* Your task *
Word for word, return the lines from the start of the entries below through the line that has "Controls include a".

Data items
********

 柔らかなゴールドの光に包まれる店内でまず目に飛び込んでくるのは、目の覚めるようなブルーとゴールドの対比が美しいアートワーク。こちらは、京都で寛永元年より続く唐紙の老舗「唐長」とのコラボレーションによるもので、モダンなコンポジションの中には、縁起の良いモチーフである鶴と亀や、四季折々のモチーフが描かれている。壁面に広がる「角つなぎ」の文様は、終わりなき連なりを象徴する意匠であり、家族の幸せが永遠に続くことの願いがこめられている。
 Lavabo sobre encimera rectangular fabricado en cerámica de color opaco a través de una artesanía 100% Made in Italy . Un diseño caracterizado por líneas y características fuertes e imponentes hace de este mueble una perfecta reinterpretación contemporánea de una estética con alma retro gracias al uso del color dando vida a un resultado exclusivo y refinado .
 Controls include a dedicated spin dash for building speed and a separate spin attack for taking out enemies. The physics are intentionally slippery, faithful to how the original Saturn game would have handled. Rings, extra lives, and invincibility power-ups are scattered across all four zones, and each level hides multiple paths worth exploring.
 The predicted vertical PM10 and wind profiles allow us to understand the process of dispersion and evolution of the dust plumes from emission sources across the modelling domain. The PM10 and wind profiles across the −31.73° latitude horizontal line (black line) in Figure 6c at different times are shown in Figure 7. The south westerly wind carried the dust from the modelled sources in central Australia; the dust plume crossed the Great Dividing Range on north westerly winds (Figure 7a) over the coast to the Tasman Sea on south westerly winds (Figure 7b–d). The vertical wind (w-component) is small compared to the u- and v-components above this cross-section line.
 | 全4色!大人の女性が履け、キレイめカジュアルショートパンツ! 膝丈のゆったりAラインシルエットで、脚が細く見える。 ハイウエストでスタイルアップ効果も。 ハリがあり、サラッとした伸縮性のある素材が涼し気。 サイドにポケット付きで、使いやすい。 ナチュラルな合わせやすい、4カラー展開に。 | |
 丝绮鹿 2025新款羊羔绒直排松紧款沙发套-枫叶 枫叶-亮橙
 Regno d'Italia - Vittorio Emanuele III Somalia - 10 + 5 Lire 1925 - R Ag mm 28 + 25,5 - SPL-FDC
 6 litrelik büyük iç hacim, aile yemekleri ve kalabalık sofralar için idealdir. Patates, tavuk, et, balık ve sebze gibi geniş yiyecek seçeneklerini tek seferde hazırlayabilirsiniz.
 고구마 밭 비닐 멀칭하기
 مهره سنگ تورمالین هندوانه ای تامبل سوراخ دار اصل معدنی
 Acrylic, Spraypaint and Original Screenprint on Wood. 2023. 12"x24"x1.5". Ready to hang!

********

* Answer *
 柔らかなゴールドの光に包まれる店内でまず目に飛び込んでくるのは、目の覚めるようなブルーとゴールドの対比が美しいアートワーク。こちらは、京都で寛永元年より続く唐紙の老舗「唐長」とのコラボレーションによるもので、モダンなコンポジションの中には、縁起の良いモチーフである鶴と亀や、四季折々のモチーフが描かれている。壁面に広がる「角つなぎ」の文様は、終わりなき連なりを象徴する意匠であり、家族の幸せが永遠に続くことの願いがこめられている。
 Lavabo sobre encimera rectangular fabricado en cerámica de color opaco a través de una artesanía 100% Made in Italy . Un diseño caracterizado por líneas y características fuertes e imponentes hace de este mueble una perfecta reinterpretación contemporánea de una estética con alma retro gracias al uso del color dando vida a un resultado exclusivo y refinado .
 Controls include a dedicated spin dash for building speed and a separate spin attack for taking out enemies. The physics are intentionally slippery, faithful to how the original Saturn game would have handled. Rings, extra lives, and invincibility power-ups are scattered across all four zones, and each level hides multiple paths worth exploring.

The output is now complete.